#### Question

In a circle of radius 17 cm, two parallel chords of lengths 30 cm and 16 cm are drawn. Find the distance between the chords, if both the chords are

(i) on the opposite sides of the centre,

(ii) on the same side of the centre.

#### Solution

Let O be the centre of the circle and AB and CD be the two parallel chords of length 30 cm and 16 cm respectively.
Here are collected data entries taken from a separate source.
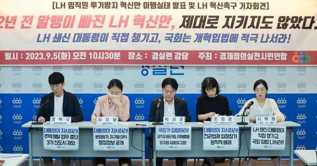 경실련은 “LH 100억대 땅 투기 의혹 이후 2년간 LH 혁신은 아무런 성과도 없었음이 확인됐다. 알맹이 없는 혁신안과 능력도, 의지도 없는 LH와 국토부에 맡긴 당연한 결과”라고 비판했다.
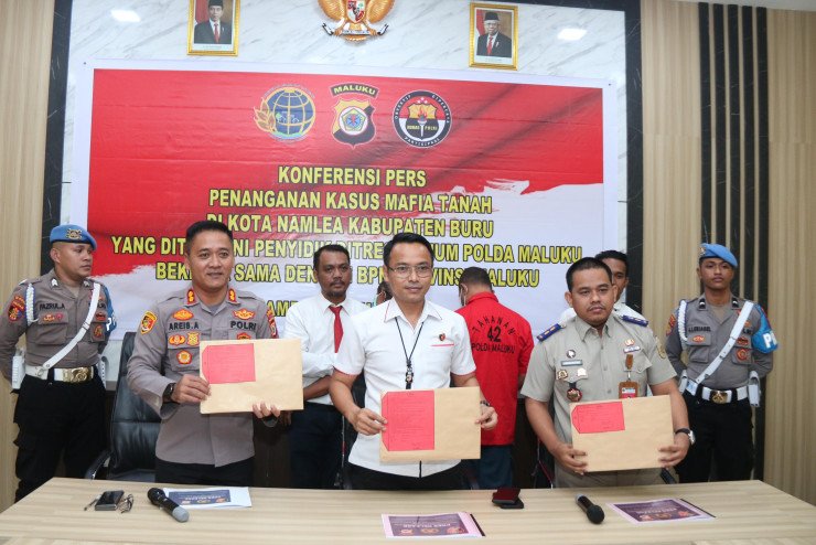 "Hari ini kita akan sampaikan pengungkapan kasus mafia tanah di Kota Namlea Kabupaten Buru dengan pelapor atas nama Muhammad Dermawan," kata AKBP Aries.
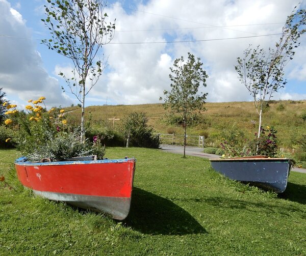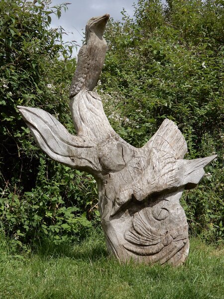 Речной парк Port Sunlight: деревянная скульптура (слева), клумбы-лодки (справа). Биркенхед, Великобритания. 2014
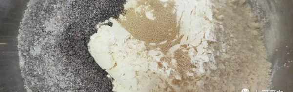 2.中筋面粉400克,加入打好的黑米粉,5克酵母,一點砂糖,先用手或者筷子混合一下。(高血糖的不要放糖瞭)

Drop OE and OF perpendicular on AB and CD from the centre O.

OP⊥AB and OF⊥CD

∴ OE bisects AB and OF bisects CD

(Perpendicular drawn from the centre of a circle to a chord bisects it)

⇒ AE `30/2` =15cm ; CF = `16/2` = 8 cm

In right ∆OAE,

OA^{2} = OE^{2} + AE^{2}

⇒ OE^{2} = OA^{2} - AE^{2} = (17)^{2} - (15)^{2} = 64

∴ OE = 8cm

In right ∆OCF,

OC^{2} = OF^{2} + CF^{2}

⇒ OF^{2} = OC^{2} - CF^{2} = (17)^{2} - (8)^{2} = 225

∴ OF = 15 cm

(i) The chords are on the opposite sides of the centre:

∴ EF = EO + OF = (8 + 15) = 23 cm

(ii) The chords are on the same side of the centre:

∴ EF = OF - OE = (15 - 8) = 7 cm